The intent of this year’s Union Budget was clear – there is no stopping us from becoming an economic powerhouse, and human capital is at the core of achieving this.
This Budget had human capital development focused on those sectors that are labour-intense such as agriculture, textiles, leather, toys, rural economy, MSME, etc, and the emerging ones such as healthcare, pharma, entertainment, hospitality, etc. Also prominent was the plan to bring AI and its impact on these sectors.
Premium institutions such as IITs, AIIMS, and NIMHANS had some allocations for expansion. But new institutions and initiatives, which were prominent in this Budget, are the highlights. It had a big focus on youth and these new institutions are aligned to industries that create ‘employment pathways’. Similarly, skilling programmes were linked to not just sectors, but beyond that to job roles that will bring employment.

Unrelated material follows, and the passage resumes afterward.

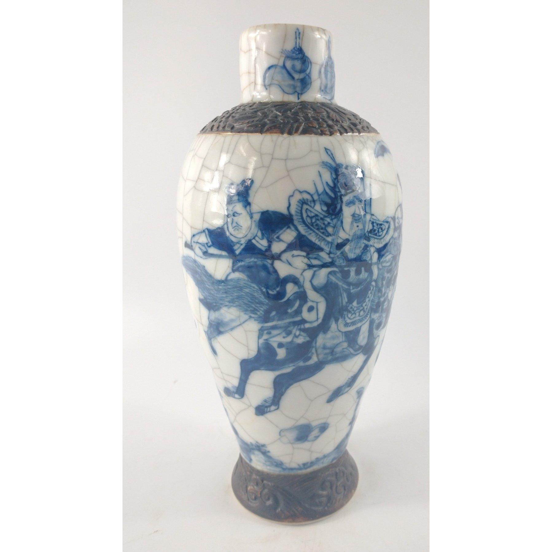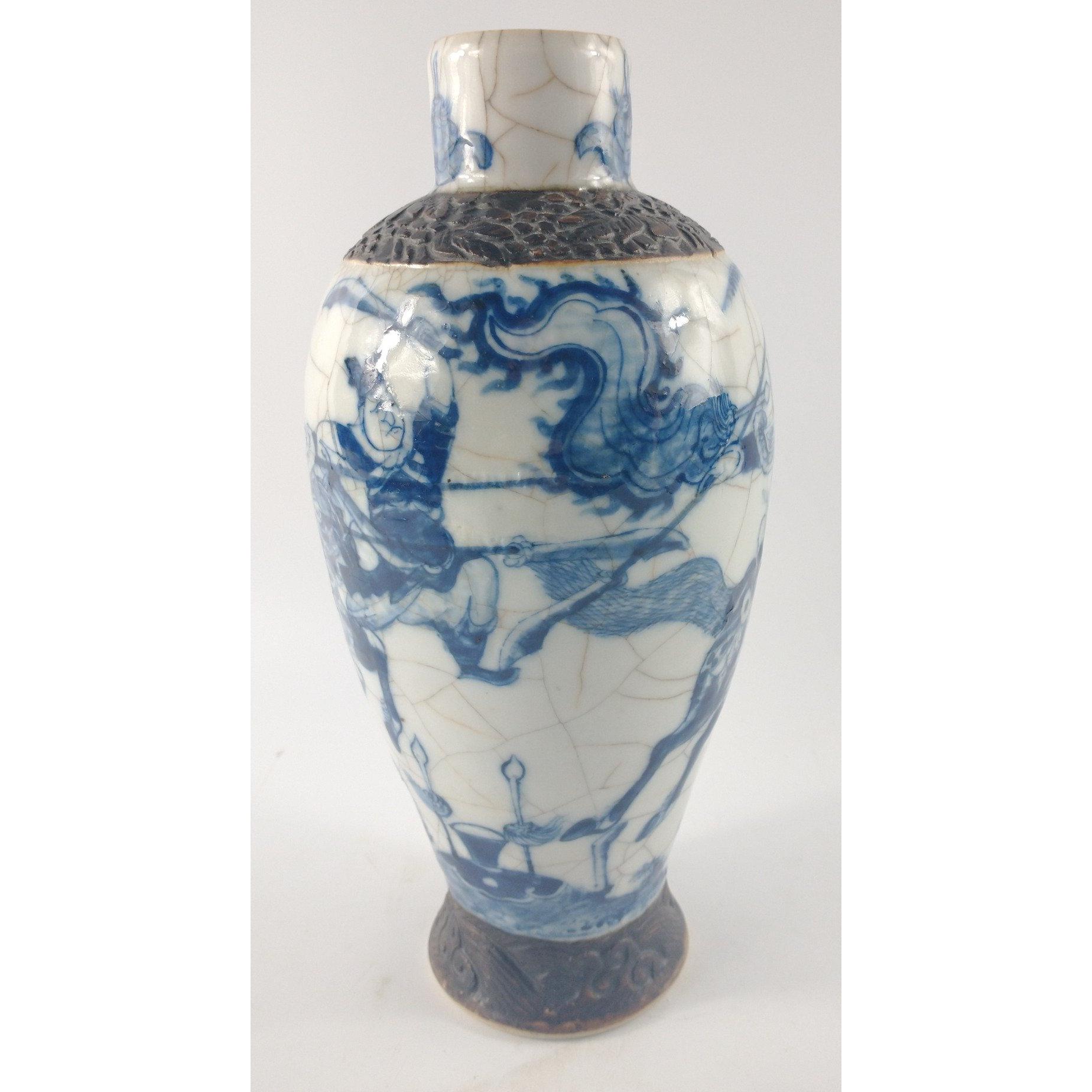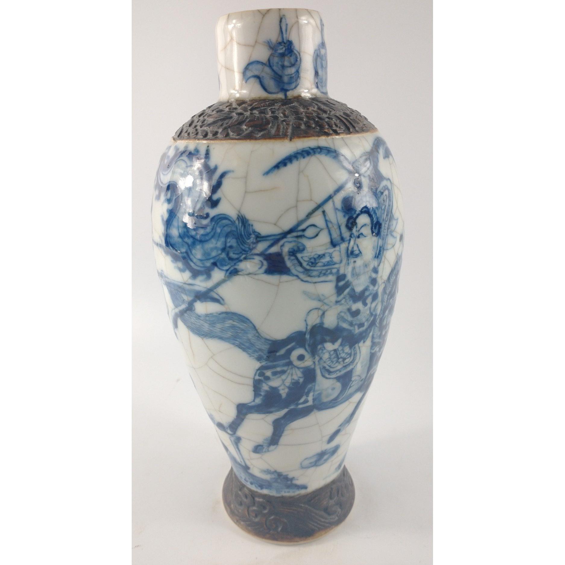 Antique Chinese Crackle Ware Glaze Baluster Vase circa 1900 decorated with scenes of warriors in battle! In good condition. 27cm tall H: 27cm approx

Let’s take healthcare and pharma as a case in point. These sectors received a strong boost with the launch of the Biopharma SHAKTI Mission, backed by an outlay of Rs 10,000 crore. This initiative aims to move India beyond its traditional strength in generics and into the higher‑value segments of biologics and biosimilars. Three new NIPERs, along with the creation of 1,000 clinical trial sites, can strengthen India’s position against leading global biotechnology hubs by ensuring that innovation progresses seamlessly into domestic manufacturing.

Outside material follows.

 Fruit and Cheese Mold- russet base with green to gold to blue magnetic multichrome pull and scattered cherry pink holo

Three new All India Institutes of Ayurveda signal the start of a new phase for India’s healthcare ecosystem. In parallel, the setting up of AYUSH drug testing laboratories and the expansion of the WHO Global Centre for Traditional Medicine in Jamnagar have the potential to open global markets for traditional therapies, reinforcing India’s image as a hub for holistic healthcare models.
To address the growing worldwide demand for skilled healthcare personnel, the Budget sets ambitious training targets: 1 lakh allied health professionals and 1.5 lakh multi‑skilled caregivers. By introducing standardised training in areas such as optometry and radiology, India could emerge as a ‘healthcare export workforce’, meeting domestic requirements and supporting the ageing populations of developed economies.

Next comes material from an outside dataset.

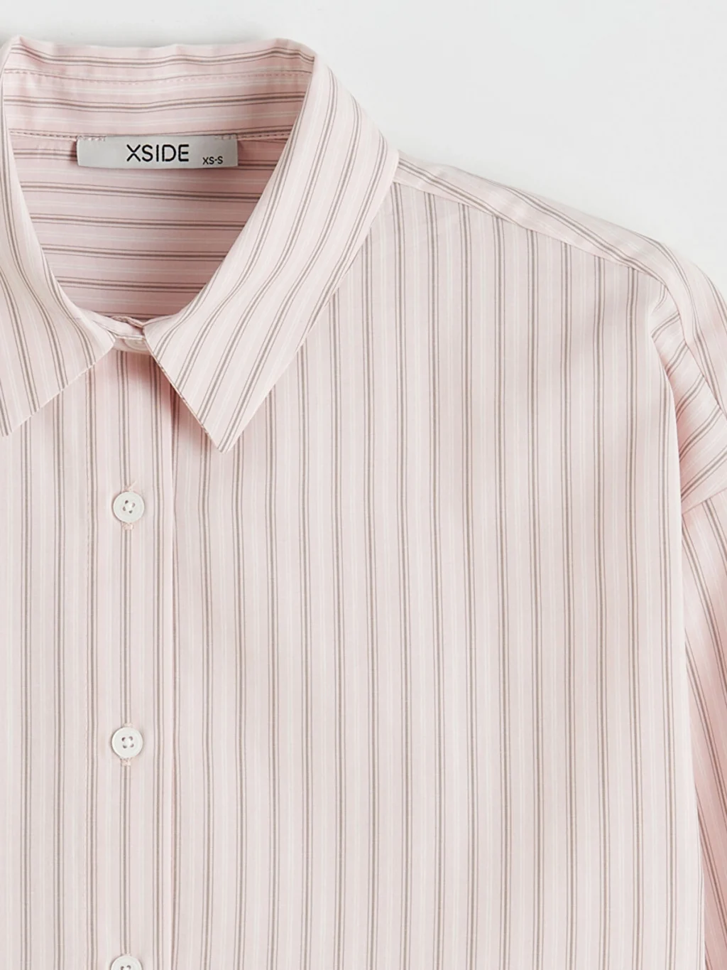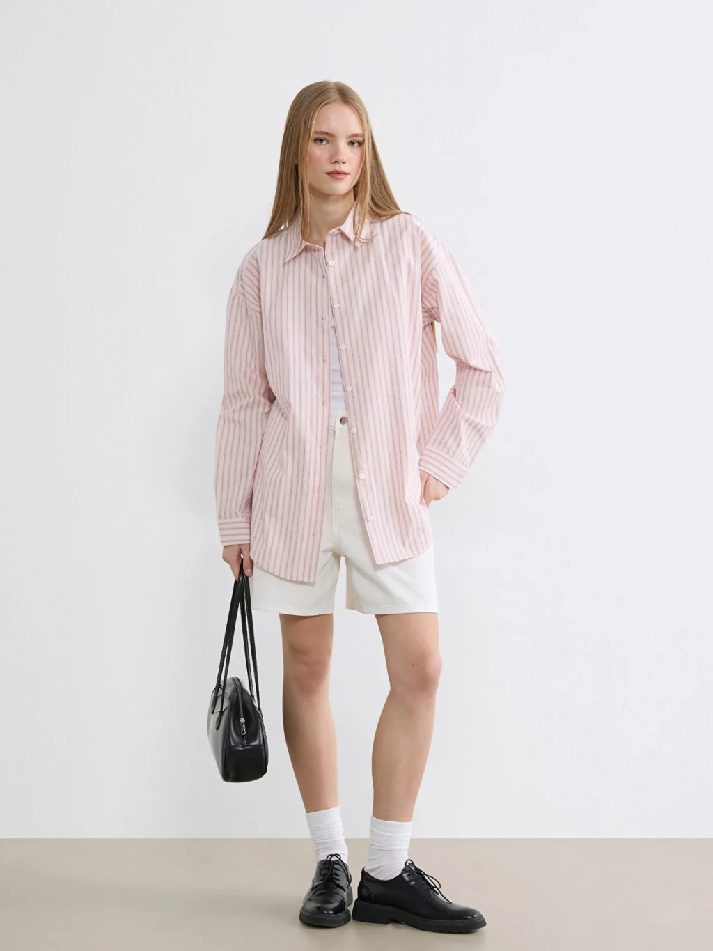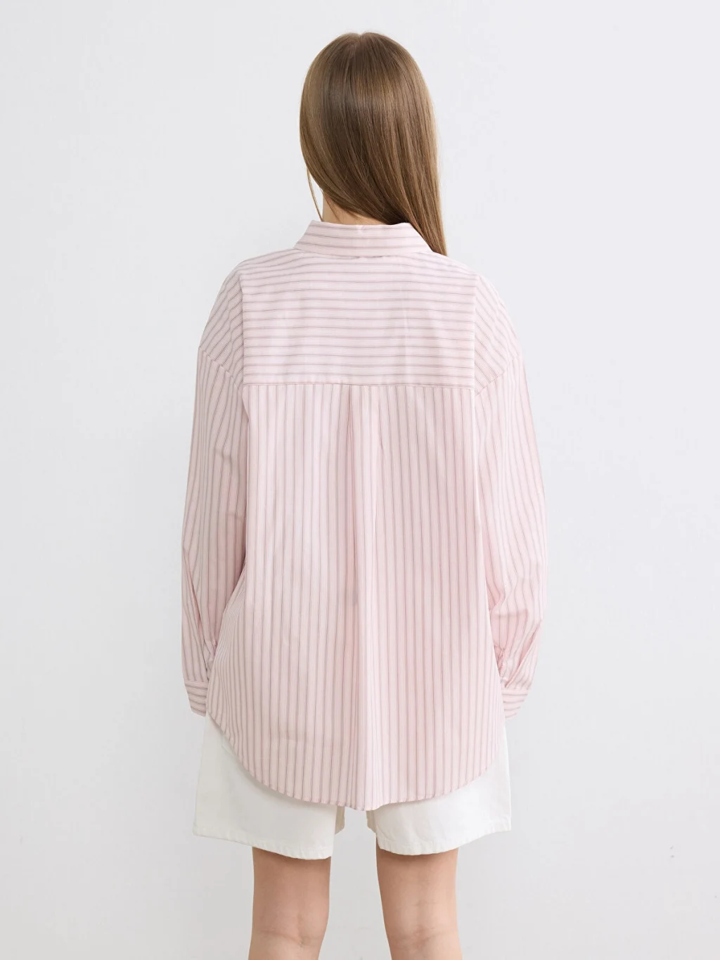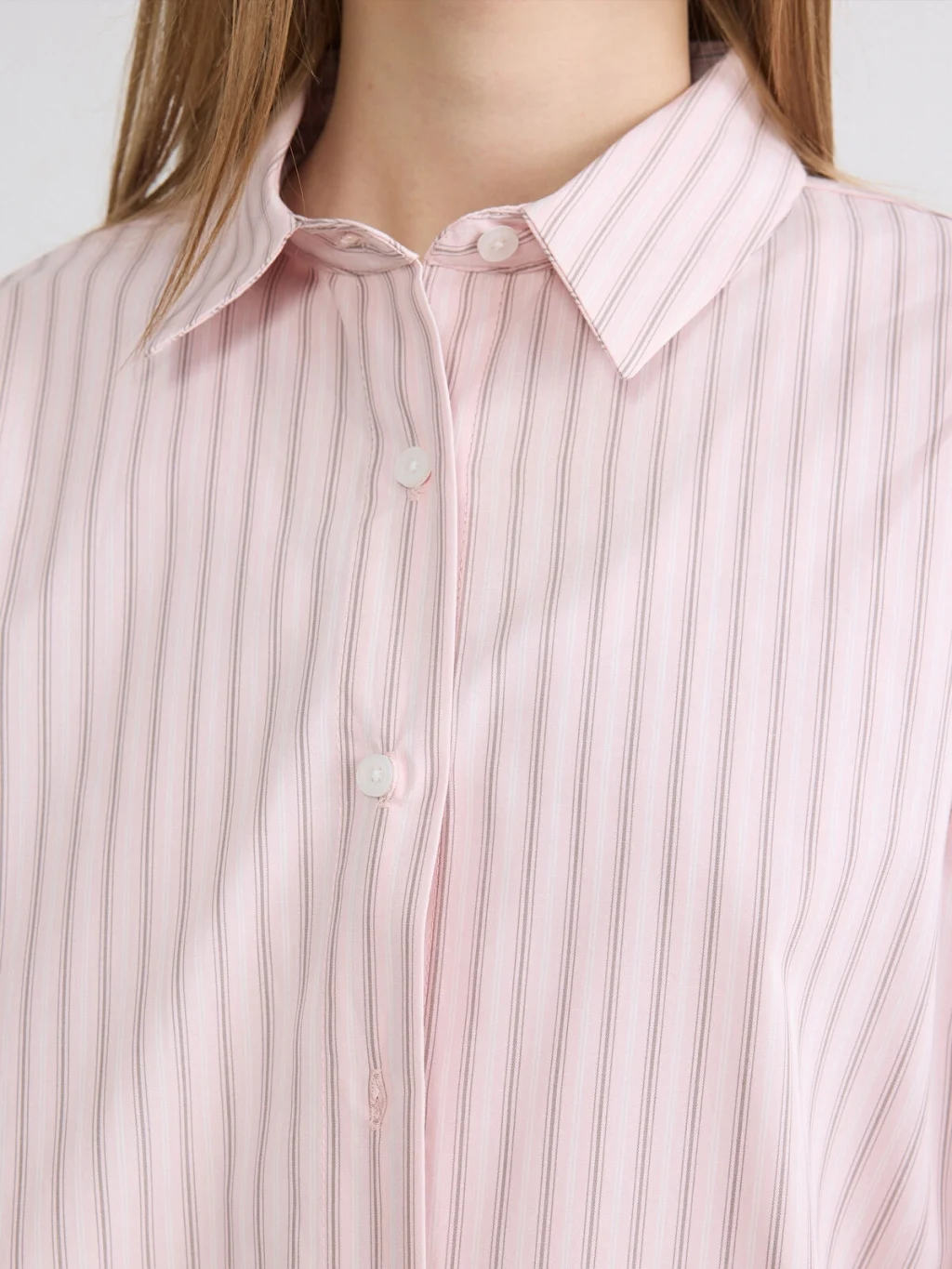 Uzun kollu, çizgili desenli kadın gömlek, %100 pamuk içerikli oxford kumaştan üretilmiştir ve önden düğme kapamalıdır.

The proposed five regional medical hubs could foster multidisciplinary skill development, where medical education extends beyond clinical training. These centres would prepare professionals in areas like medical value tourism, equipping them to meet international patient care standards while also driving innovation within India’s healthcare system.
The Indian Institute of Creative Technologies (IICT) is another example. By building capabilities in animation, visual effects, gaming, comics, and extended reality (AVGC‑XR), IICT addresses skills that are becoming central to the entertainment industry across platforms. This initiative highlights how digital technologies can generate employment and accelerate sectoral growth in India’s vast entertainment market.
The decision to establish a National Institute of Design in the North‑East is significant, as it integrates the region’s cultural and artistic traditions into mainstream design education, enriching it with diversity and local character. Likewise, the proposed National Institute of Hospitality aims to professionalise India’s fast‑expanding tourism sector by creating a skilled workforce equipped to meet international service standards.
The Budget also introduces incentives for private participation in setting up veterinary and para‑veterinary colleges through loan‑linked subsidies. This measure could strengthen the sector by training over 20,000 young professionals and addressing long‑standing skill shortages. Also, Samarth 2.0 seeks to modernise the textile skilling ecosystem.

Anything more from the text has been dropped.